What immense balls the first lines. What immense balls not knowing where to start and how to stop the cerebral blender full of things to say. And there are quite a few things to say about a film like The Tribe. Strange for a film that doesn't "say" anything because, for those who don't know, the film is entirely done in Ukrainian sign language, without subtitles, without voiceover, without auxiliary words.
For a simpleton like me, it's easy to be scared with a premise like this. Just as it's easy to take back everything once swallowed by a potential commercial trick, shouting masterpiece.
Fortunately, The Tribe is neither boredom nor trickery. Released in 2014, presented at Cannes, provoking predictable clamor and hype, it presents itself as an absolute novelty, telling a micro society, telling violence, telling relationships through physical contact and the visual impact of gestures, with disarming sincerity.

It's not a story acted in sign language, but the story of the newcomer Sergei in an educational structure entirely dedicated to deaf-mute boys-students, or more specifically, his entry into the gang that reigns and dictates law within the institute.

Moving hastily and prematurely to the overall judgment, one cannot ignore the style choice, the origin of the actors, and other significant factors, to be able to comprehensively evaluate the film in question, just as it was, who knows, for Caesar Must Die. Here too, we are faced with a true test; the entire cast consists of non-professional deaf-mute actors, accustomed to making their bodies speak and conveying the entire range of emotions that humans have at their disposal.

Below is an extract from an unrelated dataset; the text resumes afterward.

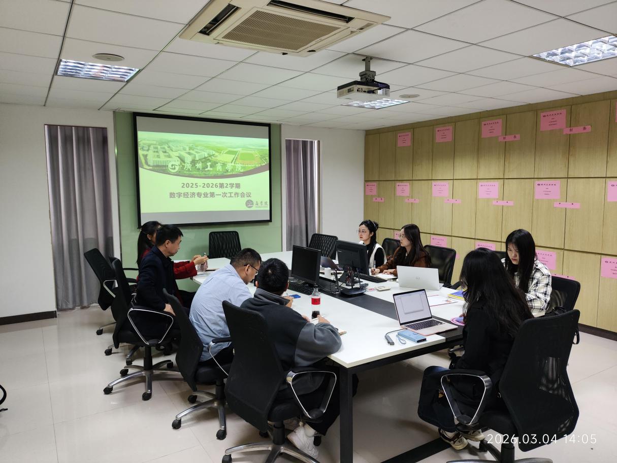 2026年3月4日下午,数字经济教研室在商学院504会议室召开2025-2026学年第二学期第一次工作会议。会议由专业负责人、教研室主任孙水鹅博士主持,全体教师参加。会议围绕新学期工作部署、专业评估、教学改革、科研组织及人才培养等重点任务展开,系统谋划新学期发展方向。

Without spoiling too much: the film opens with a static shot at a bus stop, showing the protagonist asking a passerby for information. The viewer is immediately blocked, muffled, does not hear, does not understand, gets scared. Only with the following long take will they intuit that he was asking for information to reach the institute where most of the film will take place. The real strength of the film is in the narrative understanding:

it is impossible to fully understand the dialogues, but there is not a single point of the script that eludes, and there is not a single point of the script explained immediately. As if each sequence explained the previous one. And the feeling of disorientation that permeates the film alternates with the empathy created with the protagonists, as soon as we understand what is about to happen or what has just happened.

When integration disappears completely, what remains of the contact is exclusively the physical confrontation, especially for adolescents who have not been and perhaps never will be adolescents.

In essence, watch out, because there is something for the faint-hearted in this film. In essence, watch out, because the ear is of little use.